REQUIRED ACTION: Could you please repeat the entries below word for word, with the images left out?
-- INFORMATION PROVIDED follows --
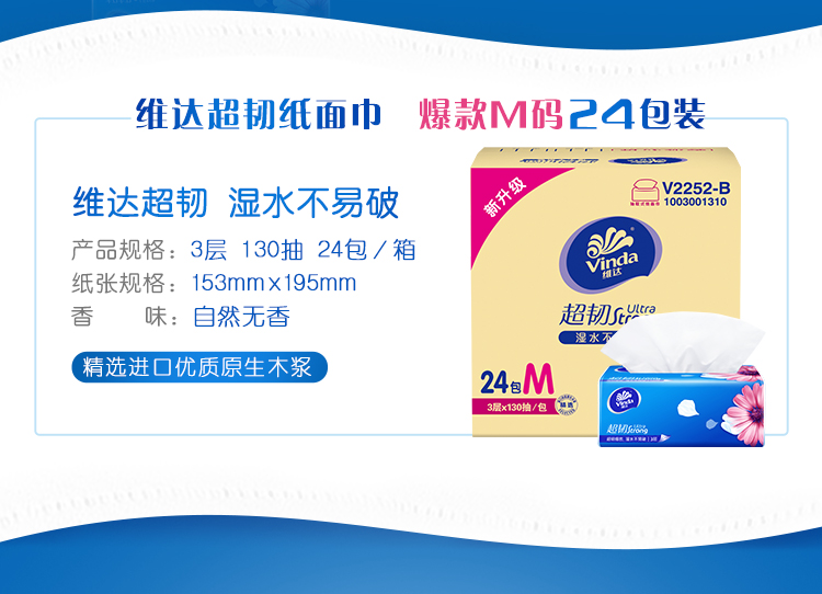 商品名称:维达(Vinda)抽纸 超韧3层130抽纸巾*24包(认准真M码) 整箱销售 可湿水面巾纸面巾纸
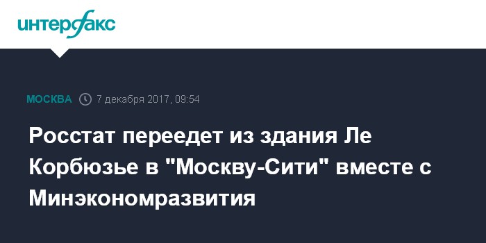 Москва. 7 декабря. INTERFAX.RU - Федеральная служба государственной статистики (Росстат), которая сейчас занимает историческое здание, построенное архитектором Ле Корбюзье, в центре столицы, переедет вместе с Минэкономразвития в комплекс "Москва-Сити".
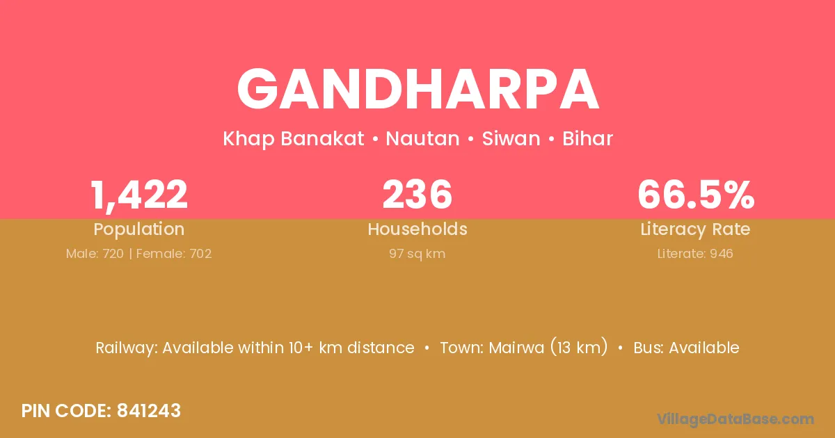 Mairwa (13 km) is the nearest town to Gandharpa village for major economic activities and is located approximately 13 km away.
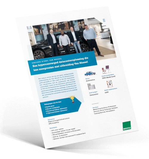 Romano: “De grootste uitdaging waren de vele decentrale locaties. Van Mossel groeide – en groeit nog steeds – heel snel. In 2016 hadden we acht kleine datacentertjes in ons eigen hoofdpand draaien. De uitbreidingen met nieuwe dealers ging zó snel dat we iets moesten doen. We moesten zaken centraal regelen, het beheer moest worden gecentraliseerd en beter beveiligd. Mijn collega heeft toen Peter van Bechtle om advies gevraagd. Mogelijkheden waren er genoeg, maar welke oplossing paste het beste bij ons?”
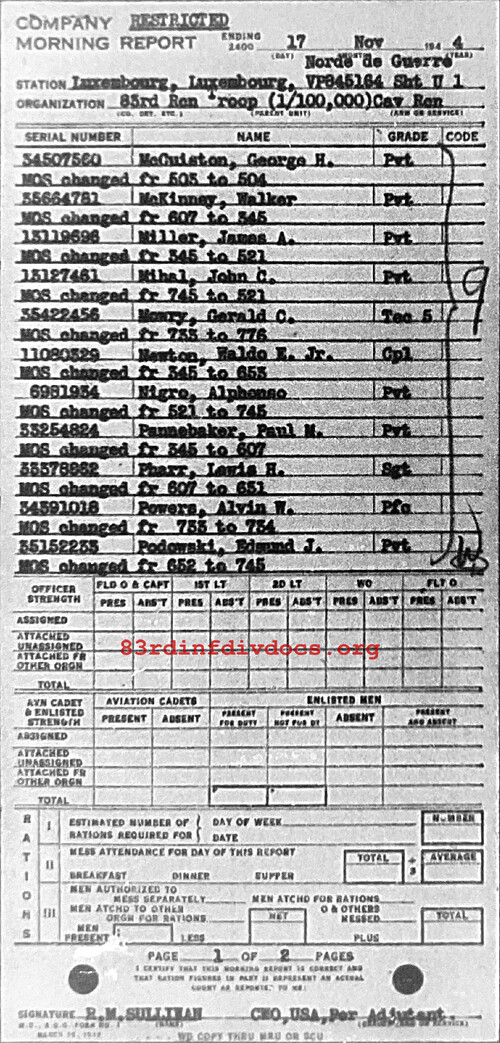 | 1944-11-17 | SGT | Duty changed to Platoon Sergeant (651) as of November 17, 1944 | 607 | 83RCNTRP | view page |
-- INFORMATION PROVIDED concluded --
SOLVED PROBLEM:
 商品名称:维达(Vinda)抽纸 超韧3层130抽纸巾*24包(认准真M码) 整箱销售 可湿水面巾纸面巾纸
 Москва. 7 декабря. INTERFAX.RU - Федеральная служба государственной статистики (Росстат), которая сейчас занимает историческое здание, построенное архитектором Ле Корбюзье, в центре столицы, переедет вместе с Минэкономразвития в комплекс "Москва-Сити".
 Mairwa (13 km) is the nearest town to Gandharpa village for major economic activities and is located approximately 13 km away.
 Romano: “De grootste uitdaging waren de vele decentrale locaties. Van Mossel groeide – en groeit nog steeds – heel snel. In 2016 hadden we acht kleine datacentertjes in ons eigen hoofdpand draaien. De uitbreidingen met nieuwe dealers ging zó snel dat we iets moesten doen. We moesten zaken centraal regelen, het beheer moest worden gecentraliseerd en beter beveiligd. Mijn collega heeft toen Peter van Bechtle om advies gevraagd. Mogelijkheden waren er genoeg, maar welke oplossing paste het beste bij ons?”
 | 1944-11-17 | SGT | Duty changed to Platoon Sergeant (651) as of November 17, 1944 | 607 | 83RCNTRP | view page |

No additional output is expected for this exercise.